What to Expect During a Cardiac Catheterization?
Before the Procedure
- Your doctor will advise you to don't eat or drink anything for at least 6 hours.
- Prior to the scan, leave all the jewelry and other accessories at home.
- You should bring family and friends while undergoing the procedure, and they can wait in the waiting room for you.
During the Procedure
- The patients are wheeled into the cath lab prior to the procedure.

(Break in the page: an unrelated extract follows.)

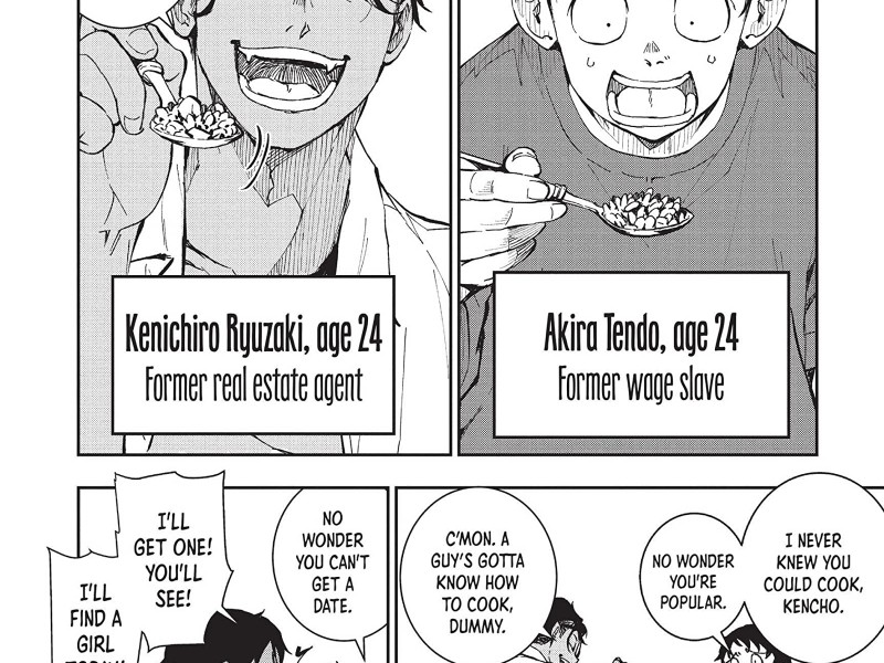Il est agréable de voir une bouffée d'air frais souffler sur un sous-genre fatigué. Lorsqu'il s'agit d'histoires de zombies, ce sont des récits comme Shaun of the Dead, 28 Jours plus tard et même Orgueil et préjugés et zombies qui brillent le plus parce qu'ils s'éloignent de la formule habituelle. Zom 100 : Bucket List of the Dead, le dernier manga du scénariste d'Alice in Borderland, Haro Aso, et du dessinateur de I Am Sherlock, Kotaro Takata, pourrait très bien être placé parmi ces autres grands récits de morts-vivants, comme en témoigne son deuxième volume. Divisé en deux histoires, le deuxième volume de Zom 100 voit l'ancien salarié Akira Tendo et son copain de collège Kenichiro Ryuzaki ajouter et rayer des choses de leur liste de choses à faire. En quête d'une meilleure télévision, ils se heurtent à des hôtesses de l'air coincées, ce qui donne lieu à un dîner et un vin improvisés. Au cours de ce scénario, Akira se souvient de son rêve d'enfant : devenir un super-héros ! Son acte "noble" finit par provoquer un rendez-vous avec une fille mystérieuse de l'époque, qui lui dit quelques vérités sur ce que devrait être un vrai héros. Il y a un bon équilibre entre humour et drame dans ce volume de Zom 100, en particulier dans l'histoire "Flight Attendant of the Dead". Ce qui commence comme une folle spirale vers le pire dîner imaginable se transforme en un conte sur la recherche de son but et de ses rêves dans la vie. A un moment, vous vous moquez d'Akira après qu'il ait tenté d'avaler une bouteille entière de Jim Bean ; l'instant d'après, vous vous sentez mal pour lui après avoir vu ce que deviennent ses nouveaux amis. Ce sont des moments comme celui-ci qui permettent de construire une histoire profonde et un monde. Ceci étant dit, c'est le dessin de Takata qui est le phare de ce volume. Regarder Akira et Kenichiro traverser Ikebukuro montre à quel point l'ancien employé de bureau est déjà devenu un dur à cuire. Mais c'est dans "Hero of the Dead" que Takata embrasse l'absurdité des films d'horreur de pacotille. La vue d'un requin zombie qui sort de l'eau grâce à des plongeurs zombies qui le promènent par l'estomac est d'un niveau de folie qui rendrait jaloux au-delà de toute croyance un scénariste de ces films SyFy terriblement mauvais !

- The anaesthesiologists will deliver the sedatives.
- The catheter is inserted by the doctor through a blood vessel in the upper leg or wrist from the numbed area.
- Depending on the type of catheterization, the procedure will be performed.
After the Procedure
- You can stay for two to four hours at the hospital, depending on the type of catheterization.
- After the procedure is completed, you can eat and drink.
- You may have to stay in the hospital if a therapeutic catheterization has been performed.
- The signed reports will be shared with you or with your primary physician to discuss the results.
Are there any risks involved in the procedure?
Heart and blood vessel catheterization pose some risks which have some risks. Although most of the risks are rare:
Risks of cardiac catheterization are:
- Heart attack
- Damage to the heart, artery, or the area where the catheter was placed
- Irregular heart rhythms (arrhythmias)
- Allergic reactions to the dye or medication
- Kidney damage
- Blood clots
However, our trained interventional radiologists use advanced technology and high-tech imaging to reduce these risks as much as possible.